Irish lawyer Blinne Ní Ghrálaigh KC, who practises as a barrister at Matrix Chambers in London, was one of two external counsel supporting the South African legal team in its genocide case against Israel at the International Court of Justice (ICJ).
South Africa accuses Israel of breaching the UN genocide convention in its conduct of the war against Hamas in Gaza since October 7th.
Appearing as one of eight experts on behalf of the government of South Africa, Ms Ní Ghrálaigh warned of the impact of “irreparable prejudice” on the Gazan population.
“Unilateral undertakings now will not remove the likelihood of irreparable prejudice,” she said. “The reality is that nowhere and nobody is safe in Gaza.”
The destruction of Gaza, added Ms Ní Ghrálaigh, would be “the first genocide in history where victims are live-streaming their own destruction”. She ended her evidence by showing an image of a white board in a Gaza hospital trauma room where the medical staff – now believed dead – had left the simple message in writing: “We did what we could. Remember us!”
“The very reputation of international law and international justice”, Ms Ní Ghrálaigh concluded, “hangs in the balance and depends on how this court responds.”
Speaking after the case opened this week, Ms Ní Ghrálaigh’s cousin Freda Grealy said: “We are hugely proud of her.”
“She did a superb job. I have got messages from people telling me that she makes us proud to be Irish.”
Ms Ní Ghrálaigh has been with Matrix since undertaking her pupillage there in 2005. She practices law across human rights, public international law, criminal law and public law. She acts for individuals, states, and NGOs, appearing before courts as well as tribunals.
Before pursuing her legal studies, she worked on the Bloody Sunday Inquiry for the legal team representing the wounded and the families of those killed, and for a civil action law specialist solicitors in London.
Ms Ní Ghrálaigh also worked on the 2015 genocide case taken by Croatia against Serbia at the ICJ, and also spent three months in Trinidad and Tobago working with prisoners on death row.
Previous cases she has worked on include an appeal brought by the Hooded Men to secure an investigation into UK ministerial authorisation for their torture in the early 1970s.
She was also counsel for Conradh na Gaeilge, intervening in the case of the Keane family in their successful appeal against a ruling prohibiting them from including the words “In ár gcroíthe go deo” in Irish only on their mother’s headstone.
She represented Rhian Graham, who was the only woman defendant among the Colston Four - protesters cleared in 2022 at Bristol Crown Court of causing criminal damage when a statue of the slave trader Edward Colston was toppled and thrown into Bristol harbour during a Black Lives Matter protest in June 2020.
Ms Ní Ghrálaigh was born and spent her early years in north Co Mayo with her sister Muireann. The family homestead is in Glencalry, between Crossmolina and Belmullet. She moved to London with her mother Neasa Healy and sister in her youth, where they settled in Holloway.
Speaking to Irish Legal News in 2022, Ms Ní Ghrálaigh said the family had extended trips back to Ireland.

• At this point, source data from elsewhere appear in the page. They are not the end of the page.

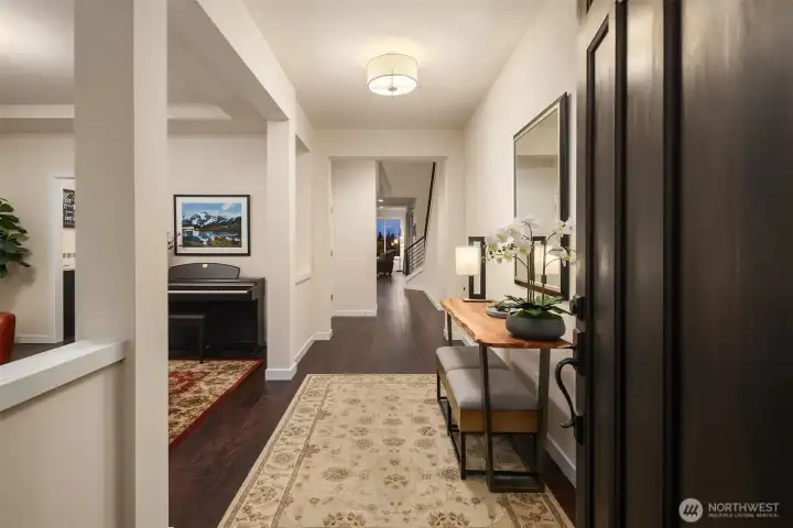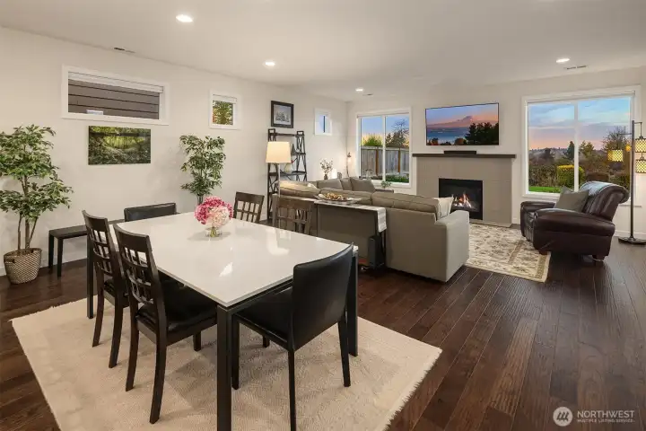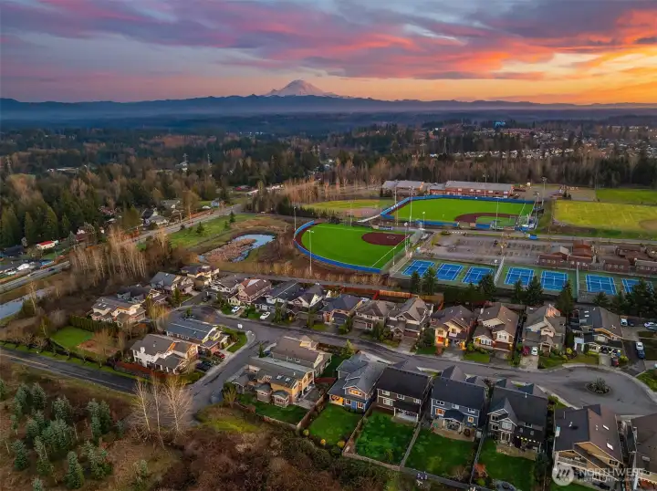 Embrace Serenity in Sought-After Seramonte ~ Magnificently perched atop Lea Hill with sweeping panoramic views from Mount Baker & the Cascades to Mount Rainier & beyond, this dazzling Northwest Contemporary stunner is the find of a lifetime! Lavishly appointed with high-end finishes, spacious rooms & modern designer style, the brilliant open concept boasts 5 beds & 2.75 baths across 3,090sf of luxurious living space. Rich wide-planked hardwoods, upscale millwork & copius layered lighting grace the interior while tall ceilings & abundant oversized windows fill the home in natural light. Showcase kitchen with premium appliances, quartz counters, full-height tile backsplash & expansive island bar opens to dining space, family room with gas fireplace & dramatic horizontal rail open staircase with upper hallway loft. An entertainer's dream, the butler's pantry flows seamlessly into the formal living room with tray ceiling & the massive covered lanai wrapped in glass brings the outdoors in. Elegant primary oasis with cathedral ceiling, wrap-around view windows & spa-like 5-piece ensuite. Upper bedrooms feature adjoining Jack & Jill bath with dual sink vanity. Huge double-door bonus room with jaw dropping sunsets over Mount Rainier. Extra deep 3-car garage + on-demand water heater, high efficiency furnace & central A/C. Sprawling 7,309sf level lot backed to secluded open space. Calm & tranquil yet convenient & practical with major highways & essential amenities just minutes away!
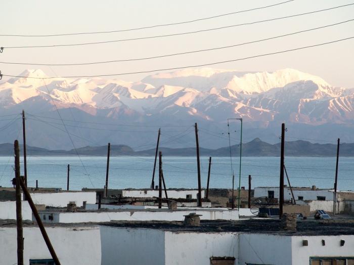 Часть 6. 06.08.09. Утром градусник показывает +6ºС, как и должно быть на высоте в 4000 метров. Плавно поднимаемся на перевал Уй-Булак (4232 м), последний раз любуемся видом на черное озеро Каракуль и начинаем подъём на перевал Кызыл-Арт. Фото 107. Хребет Сары-Куль. Фото 108. Утро в высокогорном кишлаке Каракуль.
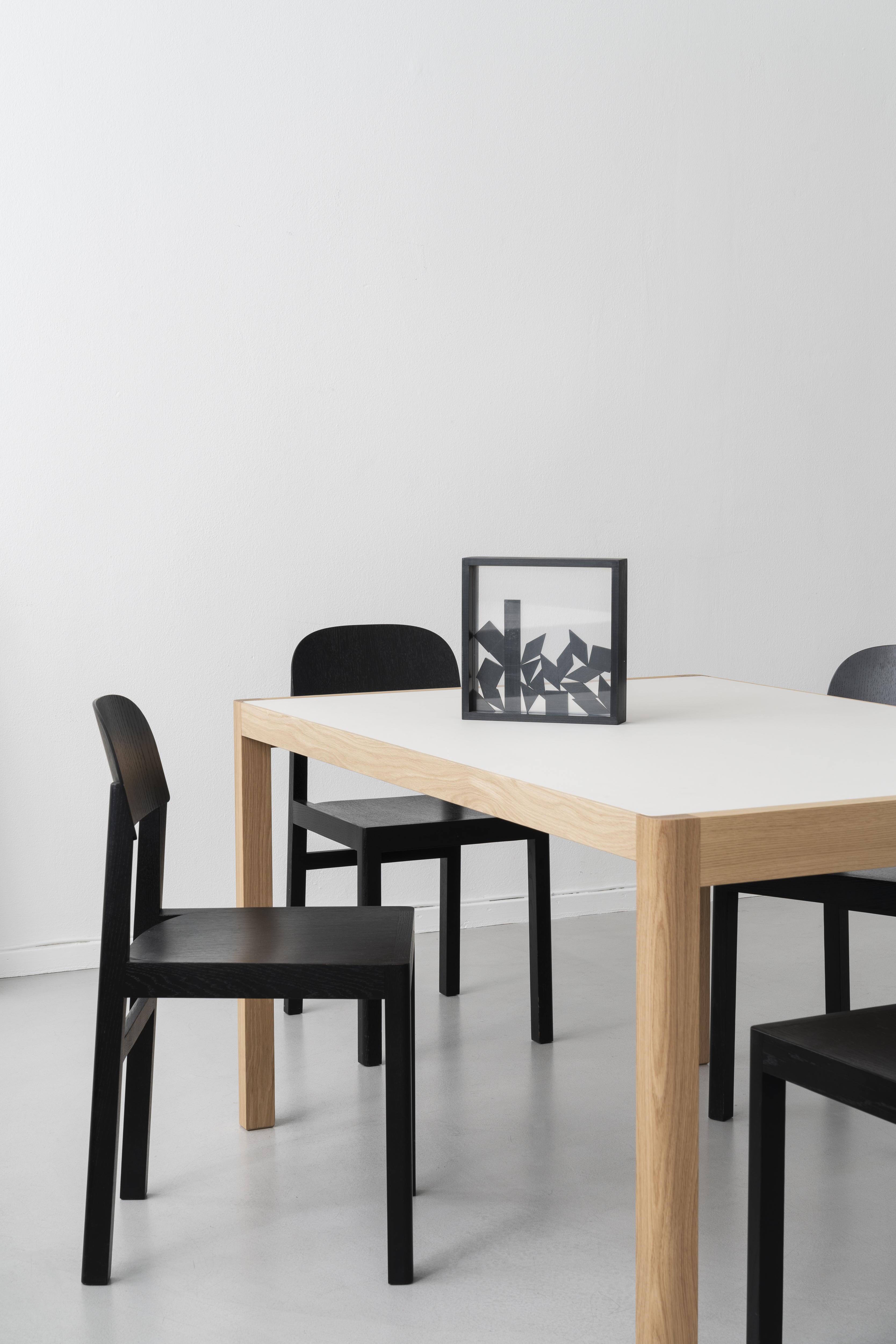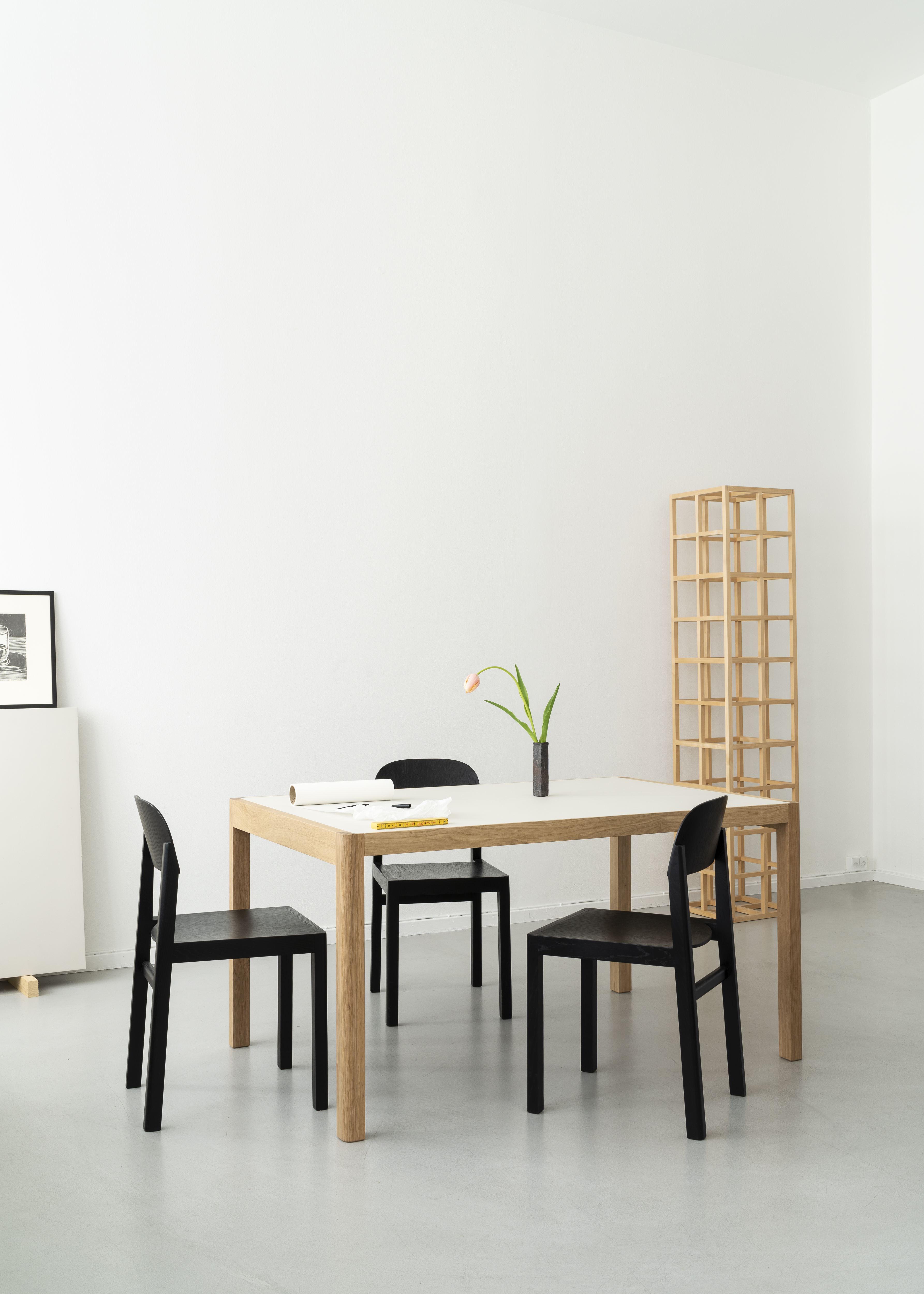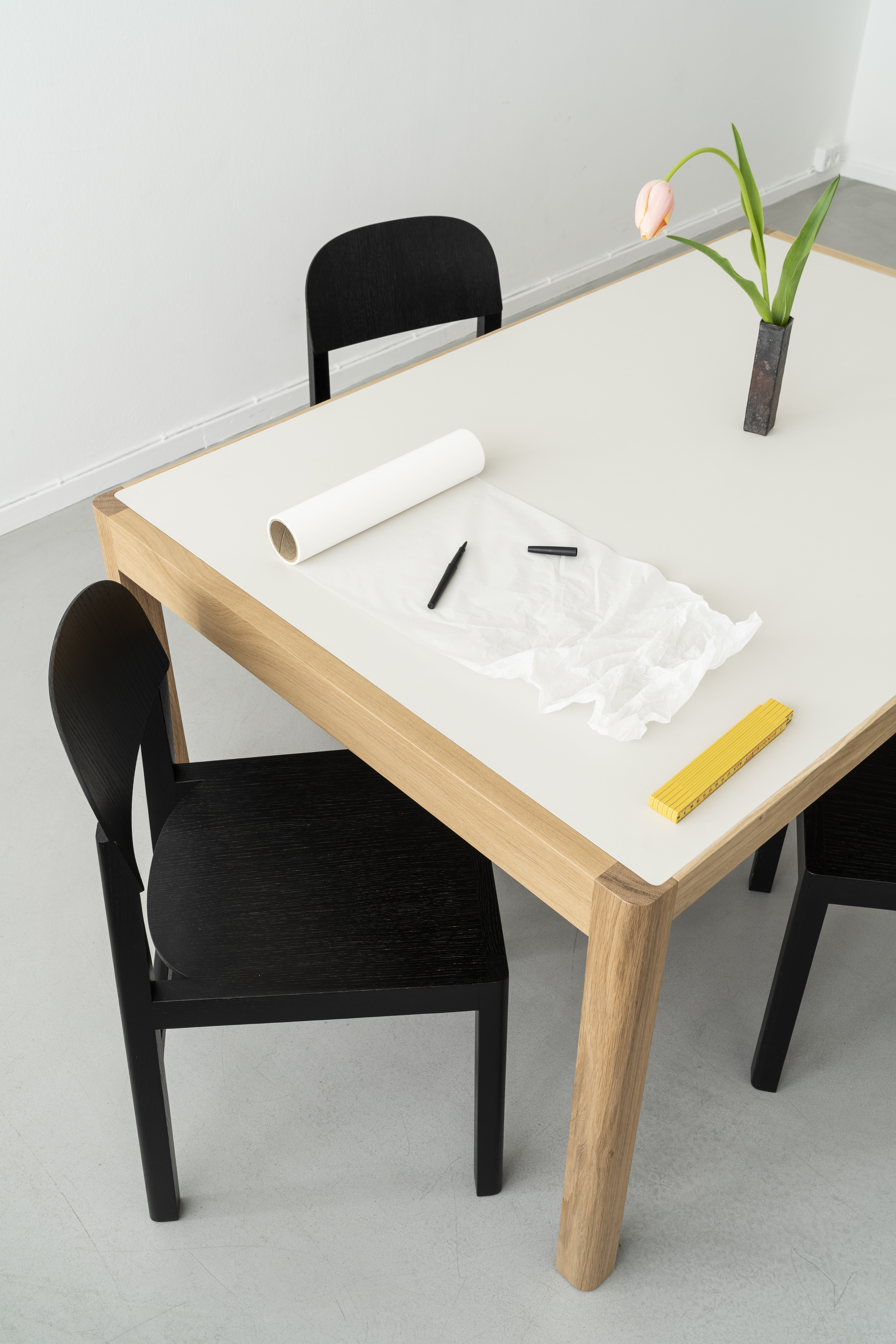 With its tabletop in either oak veneer or warm grey linoleum, harmoniously carving itself into the frame of solid oak, the Workshop Table brings a sophisticated appearance to any space, whether it be a dining setting, workspace or hospitality area.
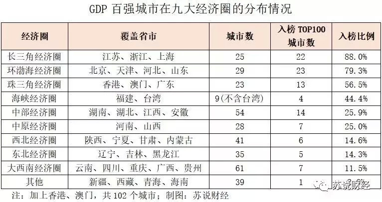 “乱花渐欲迷人眼”。本着严谨、可操作的态度,小编参考了经济圈的划分标准,做了部分调整,将全国划分为九大经济圈,并进一步考察GDP百强城市在九大经济圈的分布。
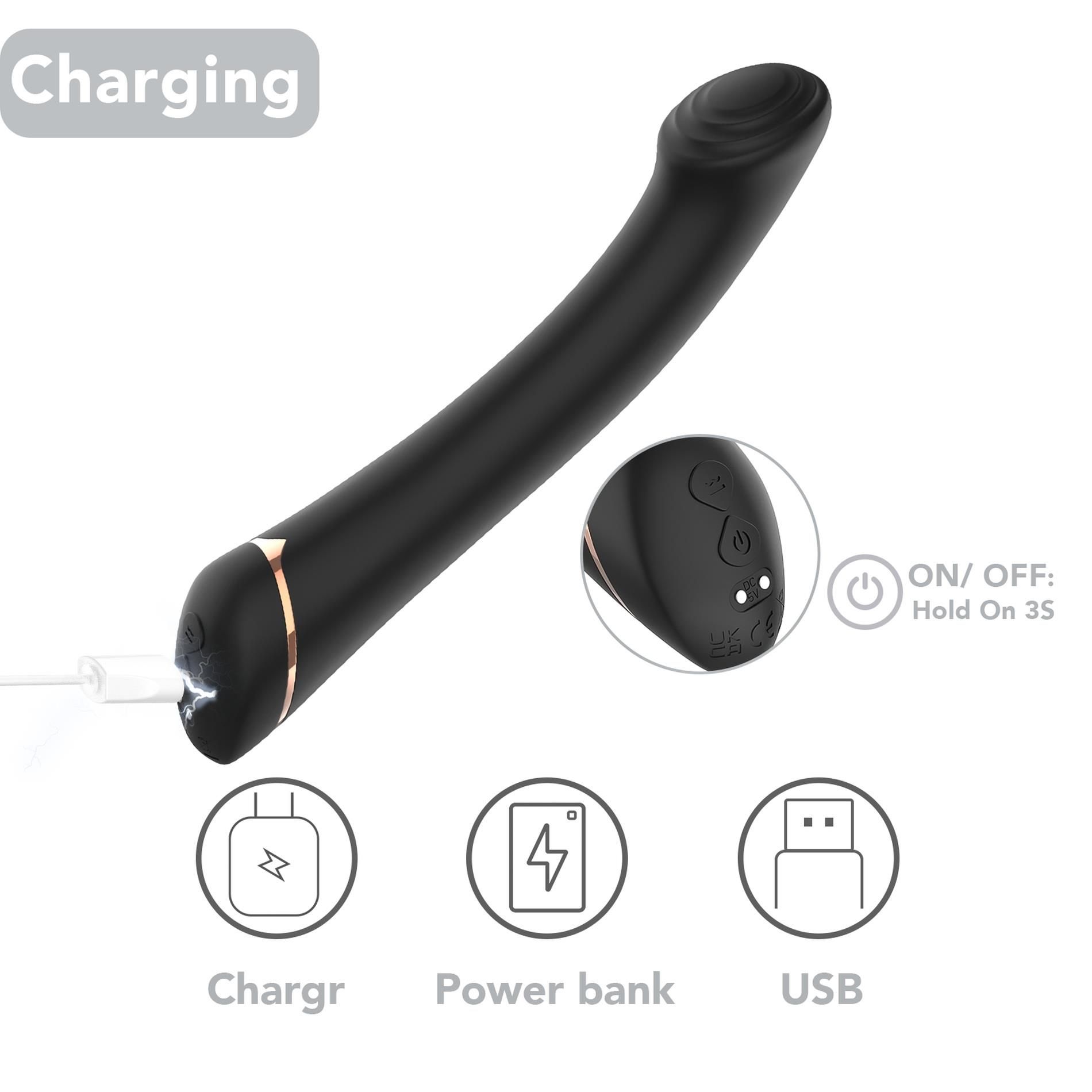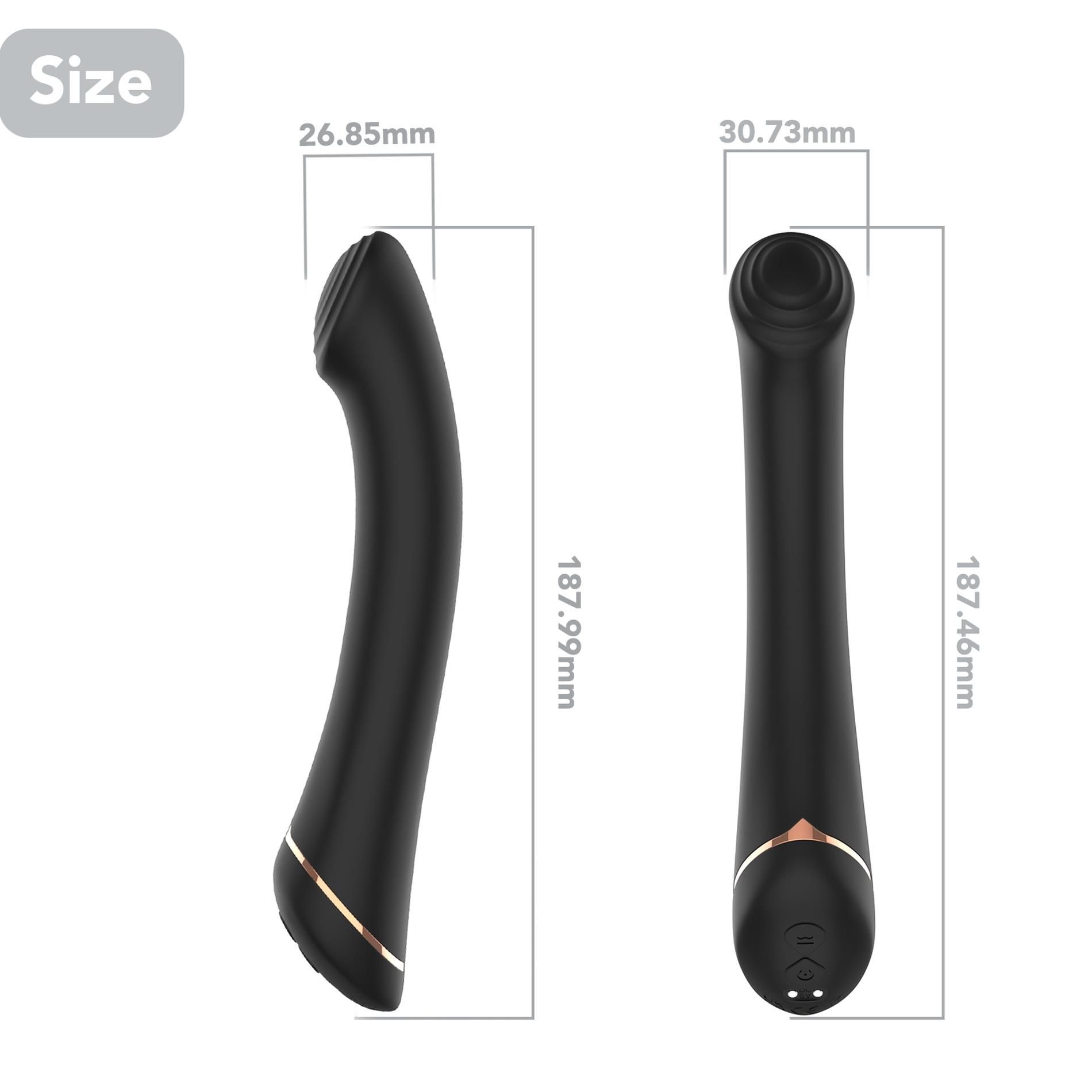 Ergonomicznie idealnie zakrzywiony wibrator ze spłaszczoną końcówką specjalnie do ukierunkowanej stymulacji punktu G. Miękki i jedwabisty, elastyczny silikonowy wibrator doskonale zagłębia się w dłoni.
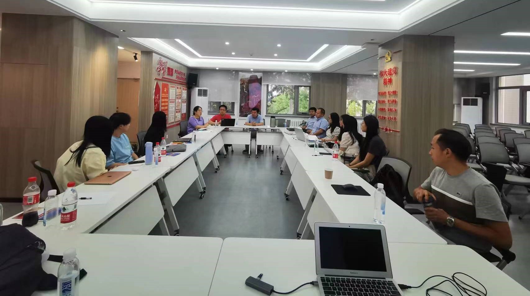 院长张军、项目负责教师杨野、项目负责教师杨超、专职组织员张飚及9名实习学生参加了会议。
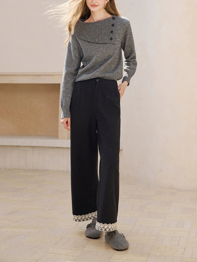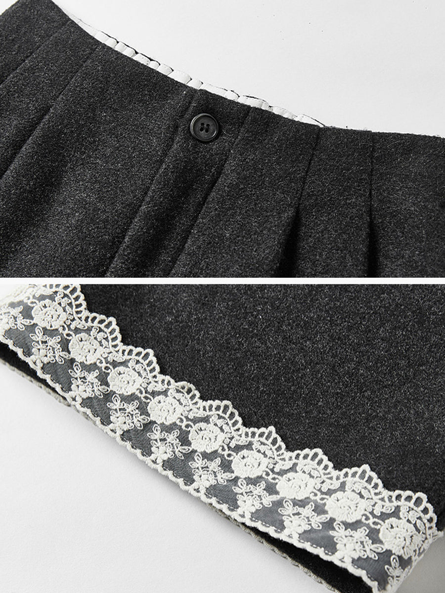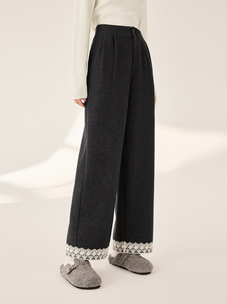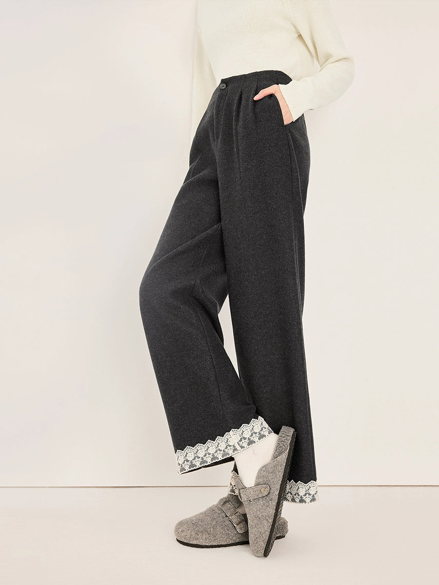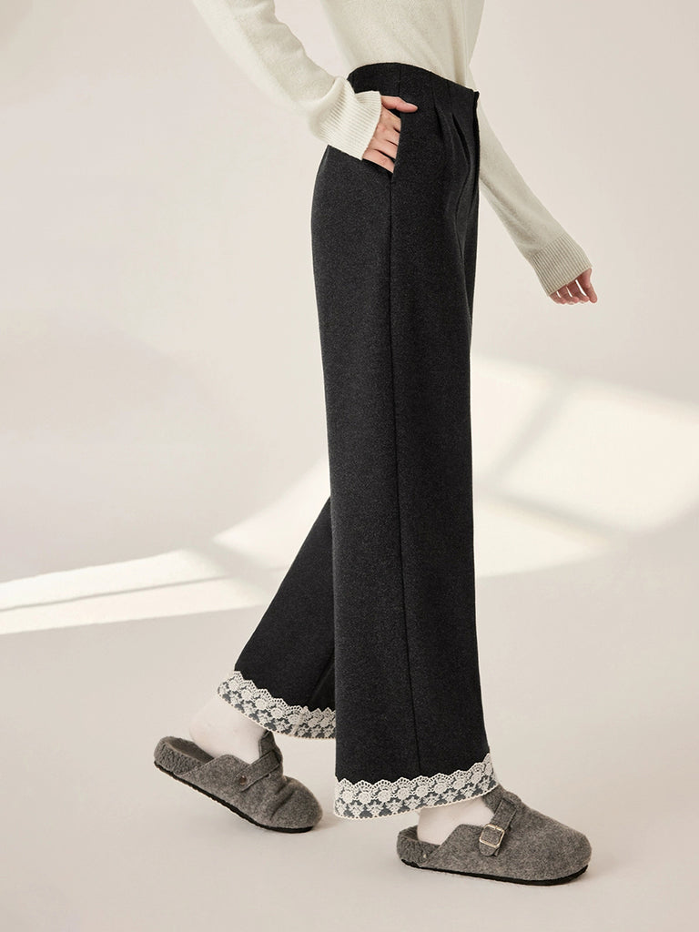 Women Autumn Artsy Lace Spliced Straight Pants
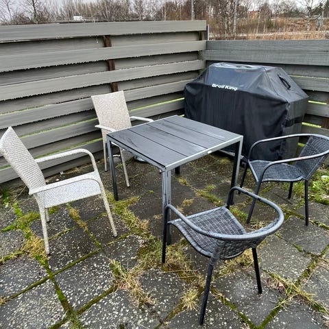 Svart rottingstol med metallben. Stolens design består av rottingmaterial och ben av metall, vilket ger en kombination av naturligt och industriellt utseende. Passar för inomhus- och utomhusbruk beroende på miljö. Köpta på Jysk.
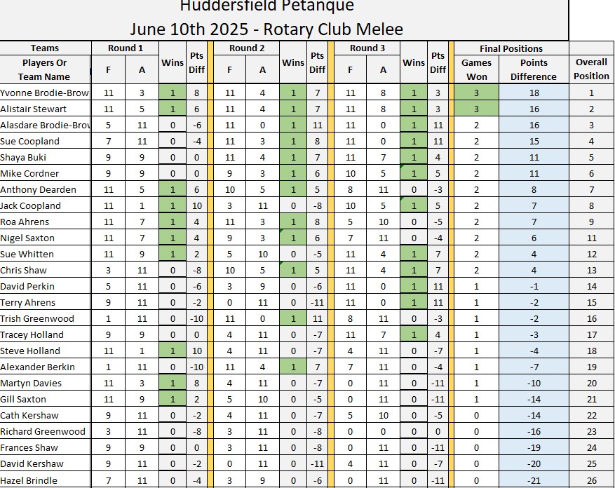 The Huddersfield Rotary Club booked an evening of Petanque entertainment on June 10th. 25 players took part in the 3 round Melee competition.

Regarding her interest in the law, she said would visit the Old Bailey during school holidays in her early teens to sit in the public gallery. “I found it fascinating,” she said. “But even then, I never envisaged myself in that role until much later. I went on to study languages – French and Latin – at university.”
She said the story of Majella O’Hare, a 12-year-old girl from Co Armagh who was shot in the back and killed by a British soldier in 1976, had a profound impact on her.
“I was 12-years-old myself when I found a pamphlet about Majella O’Hare in one of my mother’s bookcases,” she said. “I saw the picture of the young girl on the front, and saw her age, and I read it from cover to cover.
“I read about how she died in the arms of her father after he heard the shot and went running to her. I think it was her age, the fact that nobody had been held accountable, and the circumstances of the killing – that she had been shot as she walked along a country road with a group of other children.”
Ms Ní Ghrálaigh went to her mother in tears, who in turn told her to “do something” about it.
“I often think about my mother’s response,” she said. “Her words struck a very profound chord. And I’ve hung on to that pamphlet over all these years. It’s now framed above my work desk as a reminder of what brought me here.”
She also undertook a legal fact-finding mission to Gaza in 2009. “The level of devastation and trauma I witnessed in Gaza is hard to put into words,” she said. “It was one of the experiences of my professional life that has marked me the most.”
Ms Ní Ghrálaigh graduated from Queens’ College, Cambridge, with first class honours in modern and medieval languages, and received a distinction on the Graduate Diploma in Law.
She holds an LLM in International Legal Studies from New York University, where she specialised in international environmental law and climate refugees. She also holds diplomas from the London School of Economics in Law, War and Human Rights, as well as International Human Rights Law and Practice.
She was appointed a visiting fellow to Harvard Law School in 2016. Her research focused on the Arms Trade Treaty and on Israeli military courts in occupied Palestine. She has been called to the bars of the Republic, Northern Ireland, as well as to the bar of England and Wales.